TLDR; The authors propose a technique novel technique to segment words into "subword units" based on the Byte Pair Encoding (BPE) algorithm in order to handle open vocabularies in Neural Machine Translation (NMT). Using this technique the authors achieve significant improvements over baseline systems without needing to resort to tricks such as UNK replacement and backoff dictionary alignments.
- Code at https://github.com/rsennrich/subword-nmt
- Intution: Many words are translatable using smaller units than words (e.g. word stems, suffixes, etc).
- Translation of rare words is an open problem. Typically, NMT vocab is limited to fixed 30k-50k words.
- Technique is purely a data pre- and post-processing step. Nothing in the model needs to change.
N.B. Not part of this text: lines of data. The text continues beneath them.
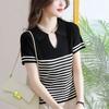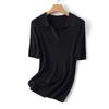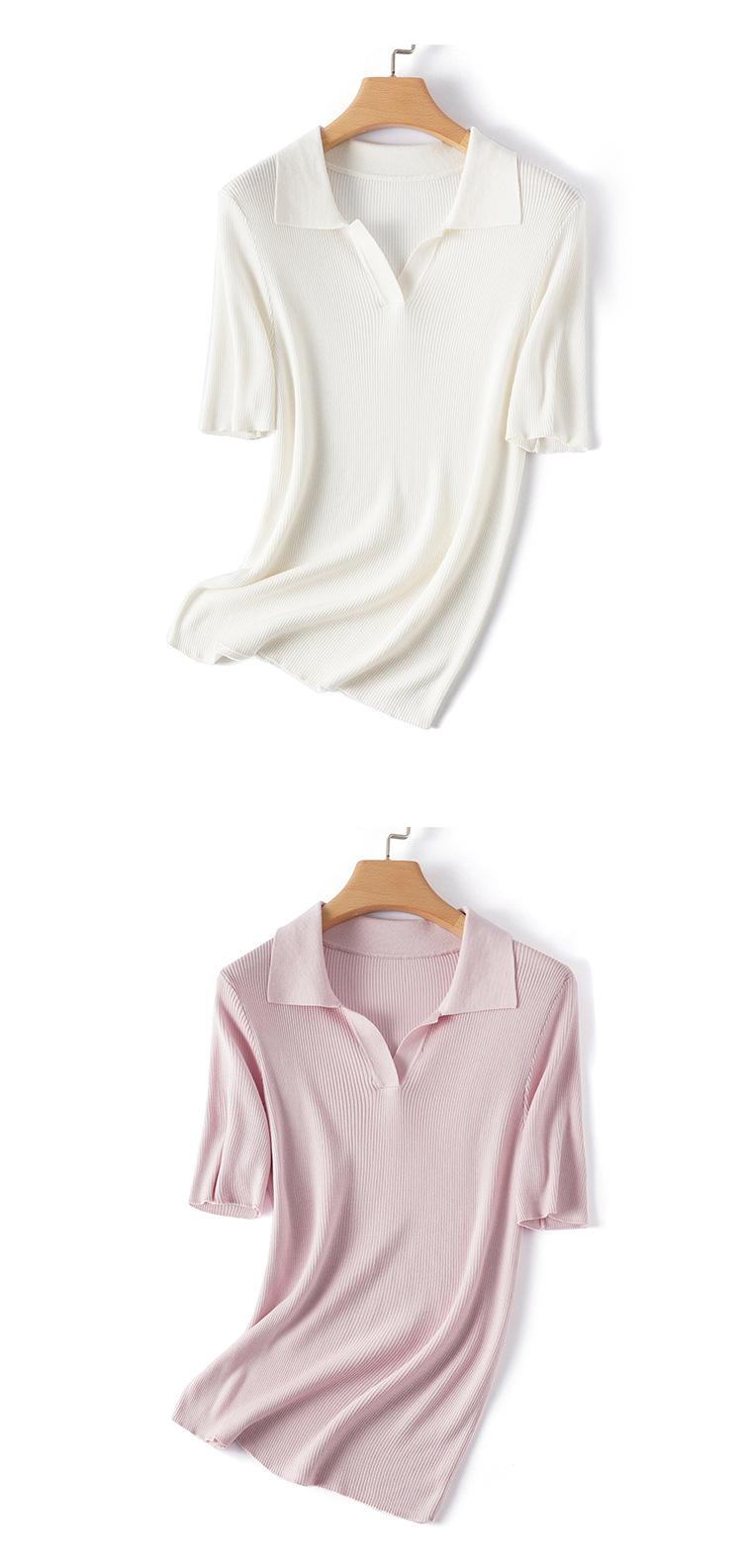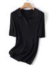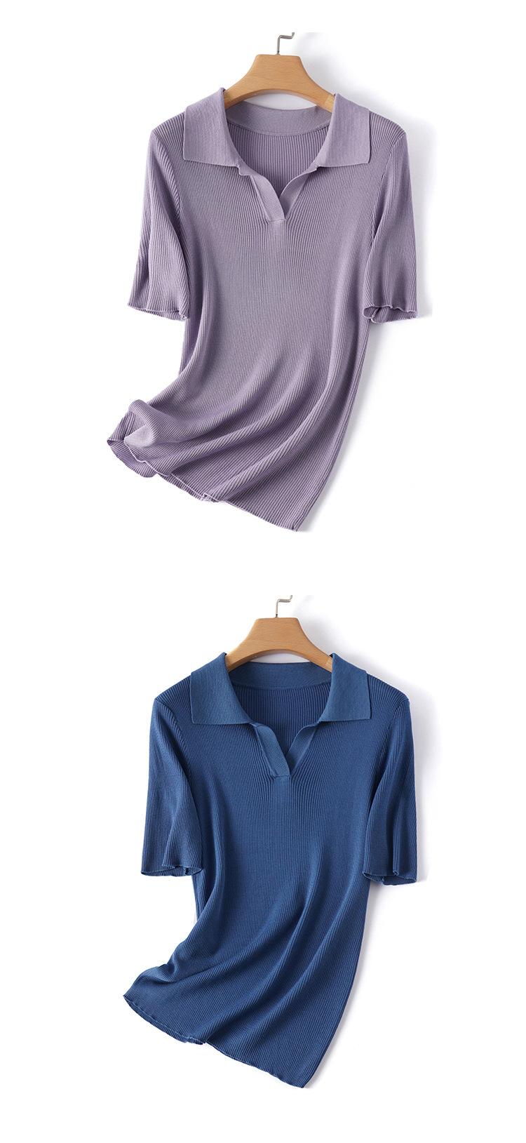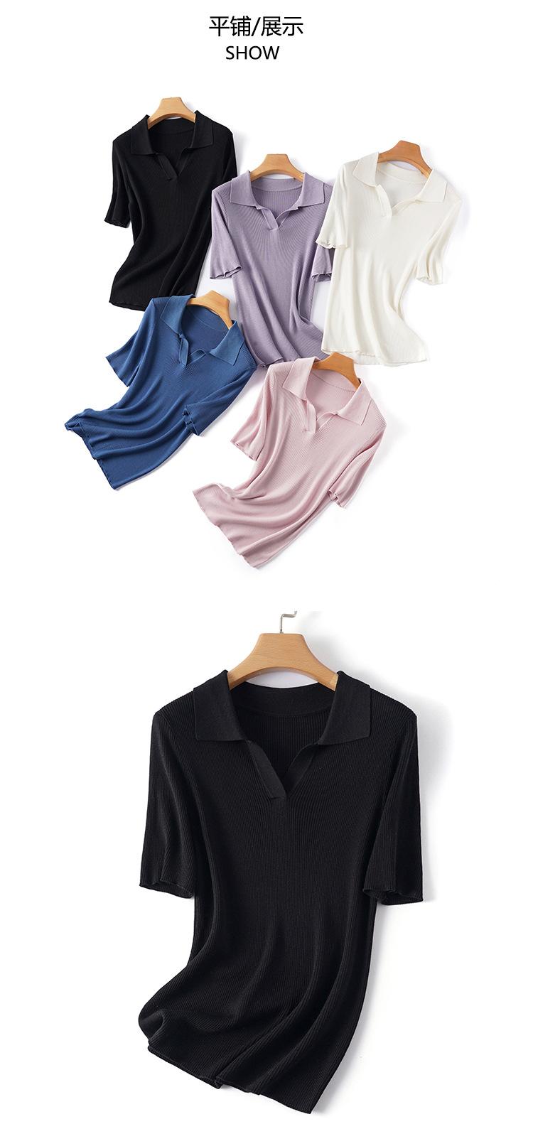 Tejido de punto Tencel fresco para mujer, polo de manga corta, verano 2025, nuevo top de punto fino con hilo exterior
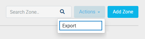 - Click on the Actions option in the top-right corner. There, you will find the Export option. Click it to export the Zones in Excel format.
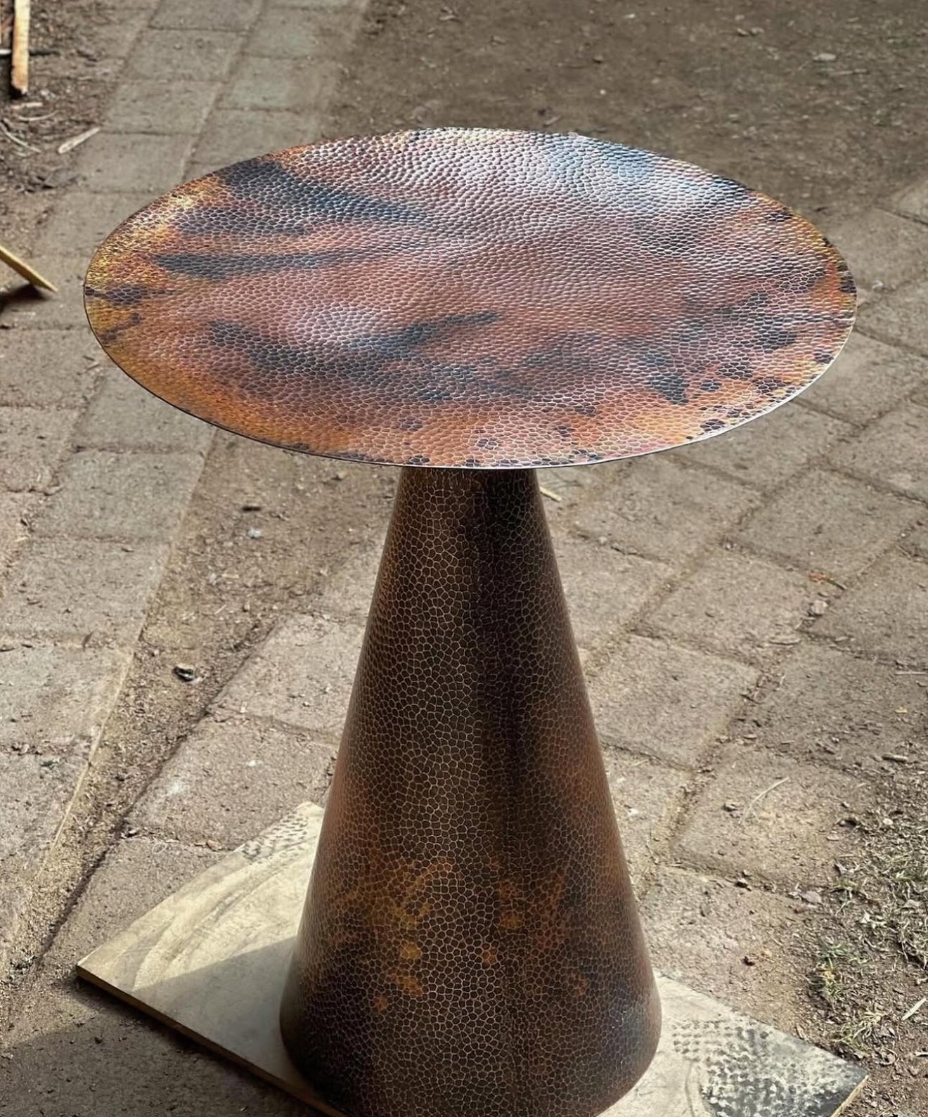 Elevate your living space with this stunning hand-hammered copper side table, a masterpiece of Mexican artisan craftsmanship. This elegant and extremely unique accent piece blends timeless tradition with modern sophistication, making it the perfect addition to any home decor style—be it rustic, bohemian, or contemporary.
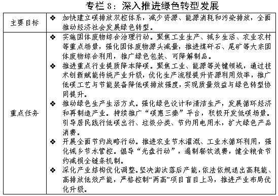 (七)全面推进经济社会发展绿色转型,厚植高质量发展绿色底色。牢记“国之大者”,强化重点领域生态环境保护,协同推进降碳减污扩绿增长。一是持续推进生态环境治理。扎实开展涉秦岭问题整改,依法整治秦岭违规穿越探险、破坏野生动植物资源等行为,推进秦岭北麓“五水协同”治理。坚决落实黄河流域生态大保护大协同三年行动计划涉陕任务,开展黄河干流保Ⅱ类和支流水质消劣及黄土高原“水美黄河”行动,加大石川河等支流生态修复和保护,推进“三北”工程建设,因地制宜推广“蓄提储灌”等节水新技术新模式。深入推进南水北调中线工程水源涵养区保护,开展汉丹江流域涉金属矿产开发生态环境综合整治。二是深化污染防治攻坚。统筹推进关中地区产业、能源、供热、交通运输四大结构调整,加快实施关中工业炉窑清洁能源替代,精准治理季节性污染,推进重点城市空气质量稳步提升。扎实开展土壤污染源头防控,协同实施非法倾倒处置固废专项整治,开展重金属环境安全隐患等排查治理行动。深化入河排污口排查整治工作,推进工业园区污水集中处理设施达标排放,巩固城市黑臭水体治理成效。实施固体废物综合治理行动,大力发展循环经济。三是健全碳排放双控制度体系。统筹好经济增长和降碳目标,加快完善我省碳排放双控制度设计和政策体系,积极参与全国碳排放权、用水权等交易,持续加强“两高”项目管控,建设一批零碳园区。落实煤炭和石油消费达峰举措,加快钢铁、建材等领域低效产能出清,全面淘汰落后低效燃煤设备。实行年度碳排放预算全流程管理,推进产品碳足迹管理,开展碳排放考核评价,推动碳排放强度持续下降。

- Basic idea behind algorithm: Start with a vocabulary of all character in the text, then iteratively merge the most frequent pair of characters or character sequences. Thus, the final vocabulary size is
num_chars + num_merge_operations
wherenum_merge_operations
is a hyperparameter of the method. - Can learn BPE for source and target separately, or joint. Joint BPE has the advantage that words appearing in both source and target are split exactly the same way, making it easier for the model to learn the alignments.
- Training details:
- Trained using Groundhog
- Model based on Bahdanau's alignment paper
- Beam size 12; Adadelta with batch size 80;
- Authors try 60k separate and 90k joint BPE vocab for English-German
- Vocab size of 90k or 60k seems quite large to me. I wonder if a much smaller BPE vocab size (20k, 30k) is enough.